1 | iwls_mh(curr.y, curr.X, curr.beta, iprior.var)
|
curr.y |
A vector of length n giving the cell counts. |
curr.X |
An n by p design matrix for the current model, where p is the number of log-linear parameters. |
curr.beta |
A vector of length p giving the current log-linear parameters. |
iprior.var |
A p by p matrix giving the inverse of the prior variance matrix. |
For details of the original algorithm see Gamerman (1997). For its application to log-linear models see Overstall & King (2014), and the references therein.
The function will output a vector of length p giving the new values of the log-linear parameters.
This function will not typically be called by the user.
Antony M. Overstall A.M.Overstall@soton.ac.uk.
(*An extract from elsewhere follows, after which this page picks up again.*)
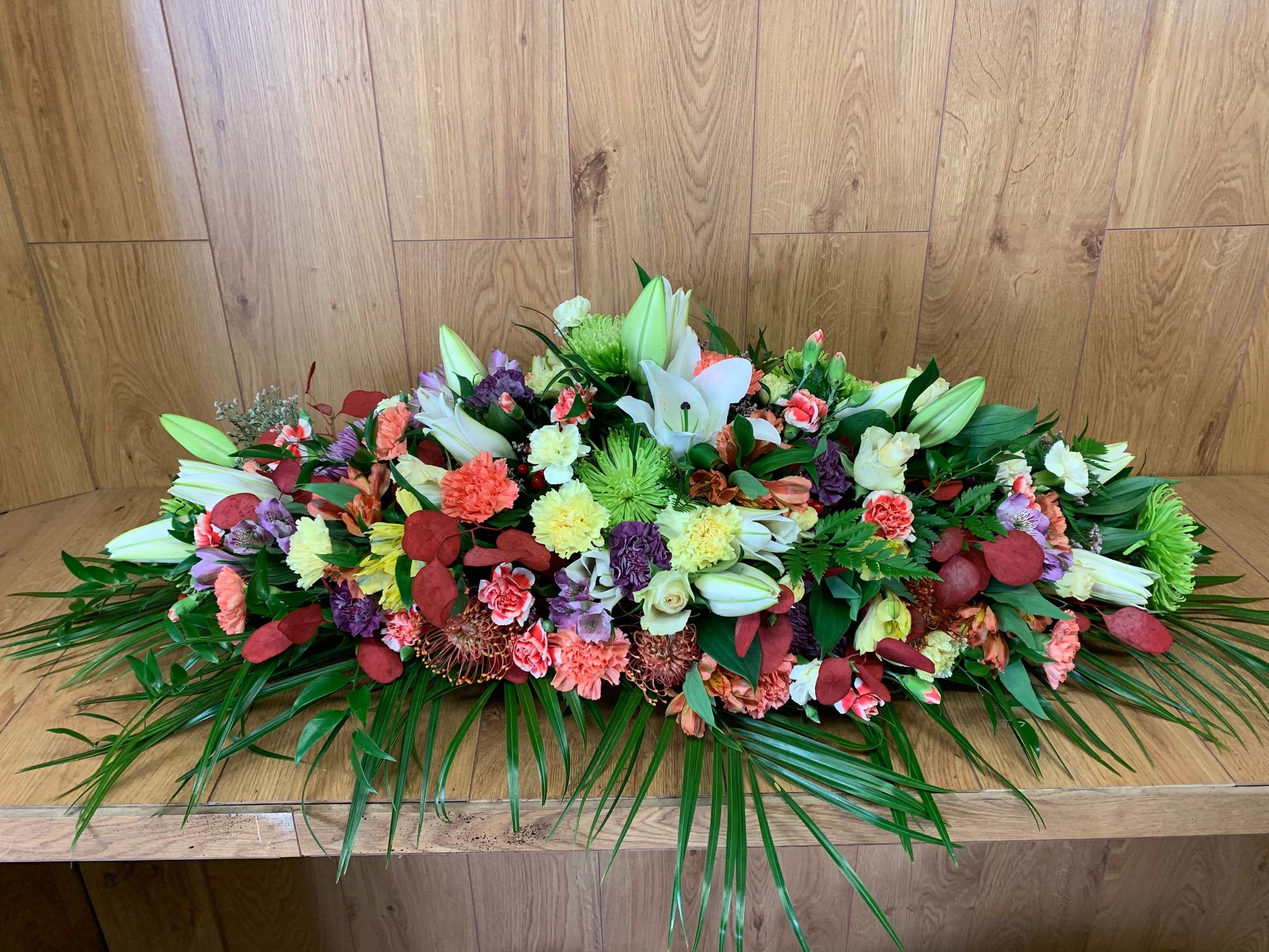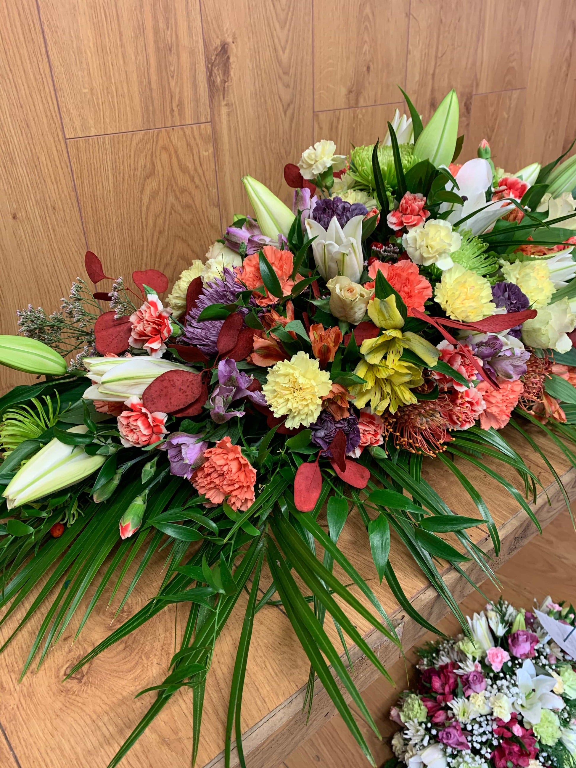 A mixture of your choice of flowers expertly arranged will personalise this emotional centrepiece, Contact us directly to discuss your exact requirements. Ranges of colours and flower types can be suited to each individual customer.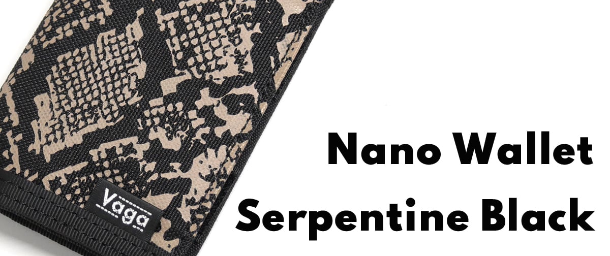 "Nano Wallet"は、極限まで小型化された財布です。 ポケットに入れていても身体の動きを妨げない超小型サイズでありながら、カード、紙幣、コインを分別して収納することができます。 こちらは2026 SSシーズナルカラーとなるSerpentine Blackです。 ポリエステルオックスフォード生地にシルクスクリーンプリントでスネークスキンが表現されています。 An extremely miniaturized tri-fold wallet, which can hold bills, coins, and cards separately. To make it minimal when tri-folded with contents inside, this wallet is precisely dimensioned and suitable fabrics are adapted for each part. Vaga's long seller items since 2014. Dimension: W:11cm x H:7cm

Gamerman, D. (1997) Sampling from the posterior distribution in generalised linear mixed models. Statistics and Computing, 7 (1), 57–68.
Overstall, A.M. & King, R. (2014) conting: An R package for Bayesian analysis of complete and incomplete contingency tables. Journal of Statistical Software, 58 (7), 1–27. http://www.jstatsoft.org/v58/i07/
1 2 3 4 5 6 7 8 9 10 11 12 13 14 15 16 17 18 19 20 21 22 23 24 25 | set.seed(1)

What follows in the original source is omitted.